In this year's four concerts, festival director Gunther Schuller continued making familiar music fresh and introducing old music that is new to most listeners.
Schuller told his audiences that he had put together a plan that extended the range of the concerts from a century before Bach to a century beyond.
Who else would have thought of putting Bach's famous Chromatic Fantasy and Fugue alongside Beethoven's virtually unknown Variations on "God Save the King"? Or introducing a concert with the alarmingly dissonant "Le Cahos" ("Chaos") from a dance symphony by Louis XIV's court composer Jean-Fery Rebel?
Schuller, in his 16th year with the festival, had a surprise for every program. And he brought out the best in fine Spokane performers such as bassist John Frankhauser, flutist Bruce Bodden and pianist Linda Siverts. Schuller's visiting artists - harpsichordist Mark Kroll, organist James David Christie, and singers Janet Brown, Krista River, Rockland Osgood and Donald Wilkinson - added the experience of distinguished careers to the festival.
With 29 works (not including encores) spread over four concerts, I can touch here on only a few pieces from two concerts at St. John's Cathedral that stay in my mind after the sounds evaporated.

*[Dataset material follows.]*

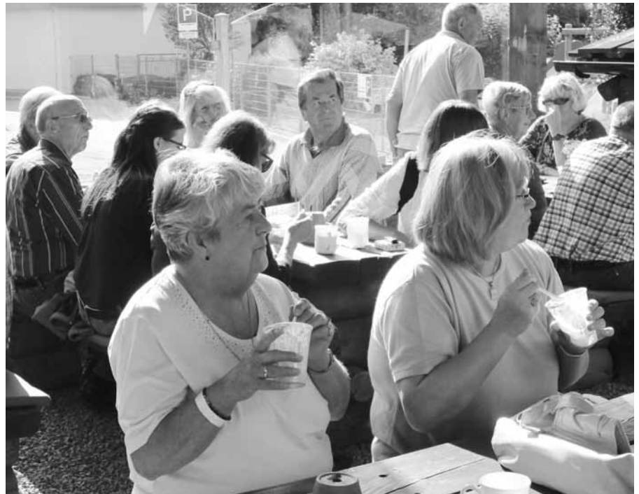
Wohlverdiente Pause bei Kaffee, Kuchen und Eis

Nach zweieinhalb Stunden Fahrt, die uns bei herrlichem Sonnenschein durch das Dreiländereck Hessen-Bayern-Thüringen führte, kamen wir in Zella-Mehlis an. Im urig eingerichteten Wirtshaus „Toschis Station“ wurde das Mittagessen eingenommen. Im Anschluss erfolgte die kurze Weiterfahrt zum größten Meeres-Aquarium im mitteldeutschen Raum. Die Teilnehmer waren fasziniert von der bunten Farbenpracht der Unterwasserwelt der tropischen Ozeane. Die insgesamt über 2.000 Fische der 200 verschiedenen Arten sowie die farbigen und teils seltenen Korallen sind einfach sehenswert. Ein Besuchermagnet waren natürlich auch die verschiedenen Haiarten und das Krokodilgehege, welches über das gesamte Obergeschoss führte. Nach mehreren Rundgängen, auf denen man immer wieder neue Eindrücke sammeln und Sehenswertes entdecken

Tuesday's performance of Bach's Brandenburg Concerto No. 3 came as a surprise. It has never been my favorite of the six Brandenburgs. It seems like a cozy blanket of a piece alongside the colorful tapestry of its companions. But Schuller and 10 solo string players made it seem more like lace – revealing Bach's artful weaving of melodic strands. Adding to the effect, harpsichordist Kroll improvised a short interlude between the two fast movements to substitute for the slow movement Bach neglected to write. Kroll included references to the melodies in the first movement without being obvious about it.
Pianist Siverts closed Tuesday's concert with what may have been Joseph Haydn's earliest surviving piano sonata. It was worlds away from the intricacies of Bach, with simple melodies that skipped and soared over the simplest of accompaniments. Even more startling was it was not the work of some child prodigy, but of a 34-year-old man. Siverts played it with childlike innocence braced with a wink of adult wit.
The festival's Saturday finale brought Bach's great German 17th-century predecessor Heinrich Schätz and the classicism of Wolfgang Amadeus Mozart together with two cantatas by Bach himself. A series of short motets written for one to five voices showed how deeply expressive Schätz could make these German texts.
After the austerity of the Schätz motets, hearing two of Bach's cantatas (No. 98 and 99) on the same text, "Was Gott tut, das is wohlgetan (What God Does is Rightly Done)," was like leaving a sparsely appointed renaissance chamber and entering an opulently furnished baroque room. The festival's chorus and quartet of visiting singers brought the same devotion to expressive and clear diction as well as vocal beauty we have come to expect from Schuller's vocal performers over the years.
Mozart's not-at-all-solemn "Vesperae solemnes di confessore" closed the festival with the 26-year-old composer showing that he could write "severe" counterpoint like Bach (well, almost) and then follow with an operatic aria. It was like he opened the door to yet another musical world.